George Whitworth

Personal information
- Date of birth: 14 July 1896
- Place of birth: Northampton, England
- Height: 5 ft 9 in (1.75 m)
- Position: Centre forward

Senior career*
- Years: Team / Apps / (Gls)
- 000?–1914: Rushden Windmill / ? / (?)
- 1914–1922: Northampton Town / 67 / (42)
- 1922–1925: Crystal Palace / 111 / (48)
- 1925: Sheffield Wednesday / 0 / (0)
- 1925–1928: Hull City / 67 / (31)
- 1928: South Shields / 0 / (0)
- Peterborough & Fletton United / ? / (?)
- Total:  / 245 / (121)

= George Whitworth (footballer, born 1896) =

English footballer (1896–c.1928)

George H. Whitworth (14 July 1896 – after 1928) was an English footballer who played for Northampton Town, Crystal Palace and Hull City in the Football League.

Whitworth began his playing career with Rushden Windmill, and joined Northampton Town in 1914, but his career was then interrupted by World War I. He played for Crystal Palace as a guest in wartime football competitions, but returned to Northampton thereafter. It was not until after Palace had joined the Football League as a founder member of the Third Division South for season 1920–21 and were subsequently promoted to the Second Division in 1921 that Whitworth joined the club on a full-time basis. He signed in May 1922, for what was quoted to be a "large fee" and played in eight games before the end of the season, scoring twice.

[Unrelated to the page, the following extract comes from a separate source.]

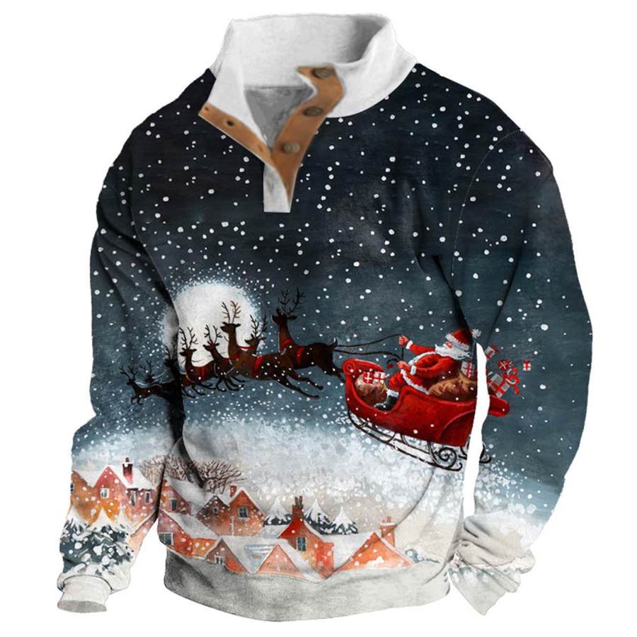 Мужская толстовка с рождественскими пуговицами и воротником-стойкой Santa Reindeer повседневные топы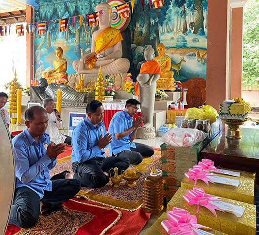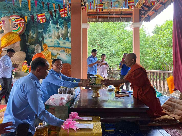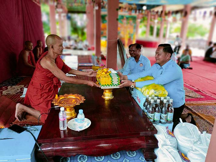 ព្រះវិហារ៖ នាព្រឹកថ្ងៃទី ១២ ខែកញ្ញាឆ្នាំ ២០២២នេះ ឧត្ដមសេនីយ៍ទោ ជូ តុងអាន អនុប្រធានក្រុមការងារចុះជួយ ស្រុកជាំក្សាន្ត ទីប្រឹក្សាសាខា សមាគម សិស្ស និស្សិត បញ្ញវន្ត ក្មេងវត្ត ខេត្តព្រះវិហារ និងជាមេបញ្ជាការរងកងពលធំអន្តរាគមលេខ៣ តំណាង ឯកឧត្ដម ឧត្ដមសេនីយ៍ឯក ស្រី ឌឹក មេបញ្ជាការរងកងទ័ពជើងគោក និងជាមេបញ្ចាការកងពលធំអន្តរាគមលេខ៣ ប្រចាំទឹសទី១ប្រាសាទព្រះវិហារ បានដឹកនាំសមាជិក សមាជិការ អនុសាខាសមាគម រួមនិងពុទ្ធបរិស័ទចំណុះជើងវត្ត នាំនៅទេយ្យទាន បច្ច័យចូលរួមកម្មវិធីកាន់បិណ្យវេនទី ០២ នៅ វត្តមរតកតេជោបុរីស្វរៈ ស្ថិតនៅភូមិធម្មជាតិ សម្ដេច តេជោ ឃុំស្រអែម ស្រុកជាំក្សាន្ត ខេត្តព្រះវិហារ។

Over the next three seasons Whitworth made a further 105 appearances scoring 46 goals but in 1925 Palace were relegated and in May, he moved to Sheffield Wednesday. However, Whitworth could not break into the first team and in November 1925 moved on to Hull City, where he made 67 appearances in three seasons scoring 31 goals, before finishing his career with Peterborough & Fletton United, whom he joined in the 1928 close season.